- [Problem] Write out exactly the lines below starting at the one containing "Sturgis Lodge &" and ending at the one containing "Electrophoretic analysis of". Omit every picture.

- [Exercise data]
%%

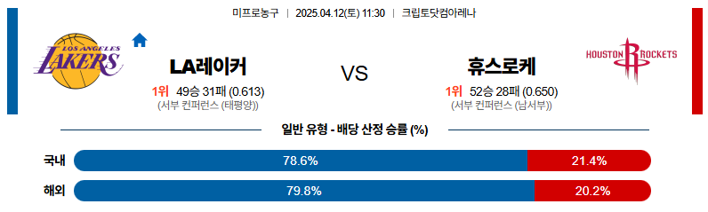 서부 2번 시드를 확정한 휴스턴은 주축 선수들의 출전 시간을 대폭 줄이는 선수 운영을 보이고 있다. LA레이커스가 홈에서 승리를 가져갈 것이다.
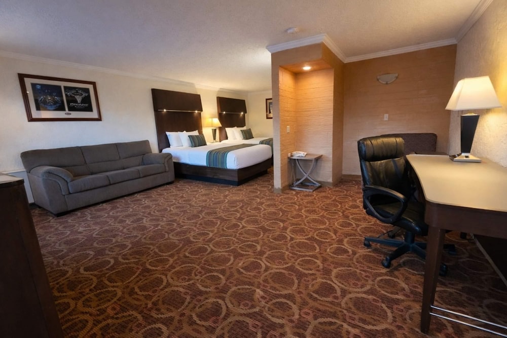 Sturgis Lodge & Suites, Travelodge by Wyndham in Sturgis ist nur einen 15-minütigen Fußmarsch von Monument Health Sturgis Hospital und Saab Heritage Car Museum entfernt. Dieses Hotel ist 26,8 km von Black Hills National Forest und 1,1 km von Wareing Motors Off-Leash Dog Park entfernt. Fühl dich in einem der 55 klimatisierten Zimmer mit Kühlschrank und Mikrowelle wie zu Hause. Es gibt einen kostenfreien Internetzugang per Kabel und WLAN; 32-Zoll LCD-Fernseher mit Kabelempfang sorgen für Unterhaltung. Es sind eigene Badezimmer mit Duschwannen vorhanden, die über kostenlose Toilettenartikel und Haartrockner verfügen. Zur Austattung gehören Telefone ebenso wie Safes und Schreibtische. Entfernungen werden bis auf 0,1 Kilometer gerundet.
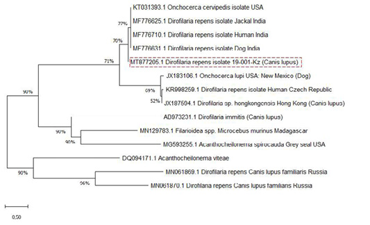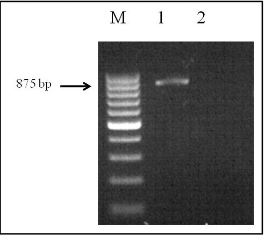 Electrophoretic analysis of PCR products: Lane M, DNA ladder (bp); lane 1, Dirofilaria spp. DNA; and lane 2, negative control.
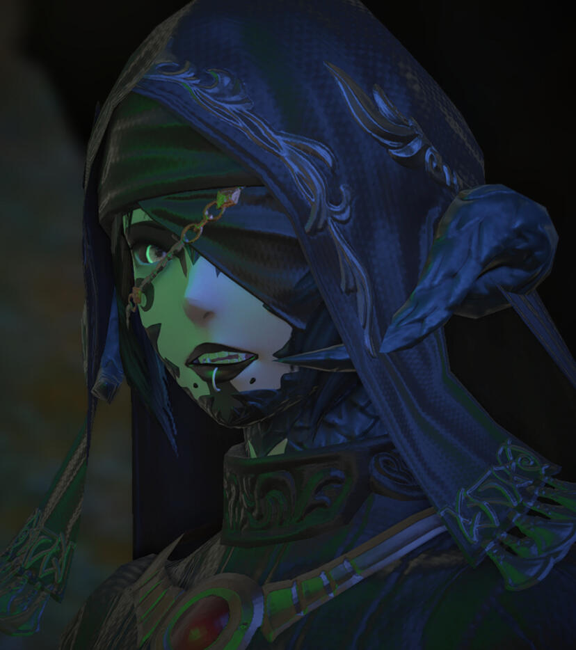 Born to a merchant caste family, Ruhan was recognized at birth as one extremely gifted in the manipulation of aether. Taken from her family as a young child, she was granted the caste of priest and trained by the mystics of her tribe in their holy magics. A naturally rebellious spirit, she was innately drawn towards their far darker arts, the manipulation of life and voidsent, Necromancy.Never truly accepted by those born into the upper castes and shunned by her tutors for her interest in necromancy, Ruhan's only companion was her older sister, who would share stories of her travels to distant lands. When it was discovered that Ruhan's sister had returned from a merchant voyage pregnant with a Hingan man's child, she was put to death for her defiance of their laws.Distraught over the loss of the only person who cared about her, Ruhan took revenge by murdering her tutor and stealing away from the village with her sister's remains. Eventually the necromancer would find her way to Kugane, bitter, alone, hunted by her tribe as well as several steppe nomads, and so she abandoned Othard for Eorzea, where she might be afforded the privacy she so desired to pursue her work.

%%

- [Solution to this problem]
 Sturgis Lodge & Suites, Travelodge by Wyndham in Sturgis ist nur einen 15-minütigen Fußmarsch von Monument Health Sturgis Hospital und Saab Heritage Car Museum entfernt. Dieses Hotel ist 26,8 km von Black Hills National Forest und 1,1 km von Wareing Motors Off-Leash Dog Park entfernt. Fühl dich in einem der 55 klimatisierten Zimmer mit Kühlschrank und Mikrowelle wie zu Hause. Es gibt einen kostenfreien Internetzugang per Kabel und WLAN; 32-Zoll LCD-Fernseher mit Kabelempfang sorgen für Unterhaltung. Es sind eigene Badezimmer mit Duschwannen vorhanden, die über kostenlose Toilettenartikel und Haartrockner verfügen. Zur Austattung gehören Telefone ebenso wie Safes und Schreibtische. Entfernungen werden bis auf 0,1 Kilometer gerundet.
 Electrophoretic analysis of PCR products: Lane M, DNA ladder (bp); lane 1, Dirofilaria spp. DNA; and lane 2, negative control.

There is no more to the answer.